In contrast to the Cu-Ni system, the Cu-Fe system was also considered because the crystal structures of Cu and Fe are different and their alloys do not exhibit a complete solid solution. This implies that features based on the atomic structures in addition to nd are required for the DOS representation. We introduced the coordination number (CN) and a mixing factor (Fmix) as features to distinguish the atomic structures. The CN was obtained by dividing the number of all bonds between two atoms by the total number of atoms in the system, where the bonds were calculated using the covalent atomic radii. Fmix indicates the ratio of the number of different pair bonds in the alloy system to the total number of bonds. Using Fmix, one can distinguish the atomic distributions in alloy systems that have the same CN (Supplementary Fig. S2).

To represent the DOS patterns for the test data, the coefficient \({\alpha ^{\prime} }_{p}\) should be determined. Since the eigenvectors obtained after PCA correspond to the PC vectors, the distributed coefficients lying on identical eigenvectors were correlated with each other. Thus, we generated linear regression lines between the αp of the training data in which we focused on the linear regression line between two training data near the test composition. Then, using the features of the training and test systems, we estimated the \({\alpha ^{\prime} }_{k}\) contributions of nd, CN, and Fmix (\(\,{\alpha }_{p}^{^{\prime} {{\rm{n}}}_{{\rm{d}}}},\,{\alpha }_{p}^{^{\prime} {\rm{CN}}},\,{\alpha }_{p}^{^{\prime} {{\rm{F}}}_{{\rm{mix}}}}\)) for the test system using the linear regression line (Fig. 1c). We defined the set of features as Φ = {nd, CN, Fmix}. Here, it was assumed that the three features have equal weights so that

$${\alpha ^{\prime} }_{p}=\sum _{\phi \in {\rm{\Phi }}}\,{\beta }_{\phi }\cdot {\alpha ^{\prime} }_{p}^{\phi }$$

where βφ is 1/3 for all the features. A detailed description of the estimation of the coefficients is also provided in Section 3 of the Supplementary Information (Table S1 and Fig. S7).

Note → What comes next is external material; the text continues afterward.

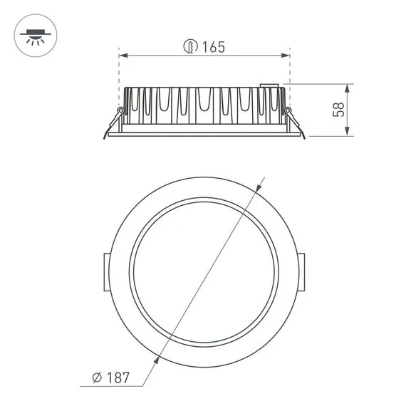 Артикул: 041612; Бренд: Arlight; товарная группа: Светильник; Тип крепления: встраиваемый; Степень защиты: IP54; Напряжение питания, V: 230; Угол рассеивания, град: 110; Класс электро-безопасности: II; Общая мощность, W: 21; Световой поток, Lm: 1400; Цветовая температура, K: 3000; Индекс цветопередачи: >90; Цвет: белый; Диммирование: При замене драйвера; Гарантия, мес: 60; Длина, мм: 187; Ширина, мм: 187; высота: 58; Диаметр, мм: 187; Диаметр монтажного отверстия, мм: 165

Using these three features (nd, CN, and Fmix), the DOS of Cu0.375Fe0.625 was predicted (Fig. 2b). The use of only nd leads to the pattern similarity of 78%, while the use of all three features improves the pattern similarity up to 95%. Even in the previously examined Cu-Ni system, consideration of CN and Fmix in addition to nd can slightly improve the pattern similarity up to 96% for Cu0.375Ni0.625 (Supplementary Fig. S8). Furthermore, we calculated DOS patterns for new test data, Cu0.625Ni0.375 and Cu0.625Fe0.375, and then obtained the pattern similarities of 95% and 97%, respectively (Supplementary Fig. S9).

To highlight a novelty of our PL method, we additionally calculated the DOS patterns by a linear interpolation of the DOS patterns of the two nearest neighbors without PCA. Compared to the DFT calculation, the linear interpolation method shows the pattern similarities of 90% for Cu0.375Ni0.625 and 88% for Cu0.375Fe0.625 (Supplementary Fig. S10), which are lower accuracies than those predicted by our PL method.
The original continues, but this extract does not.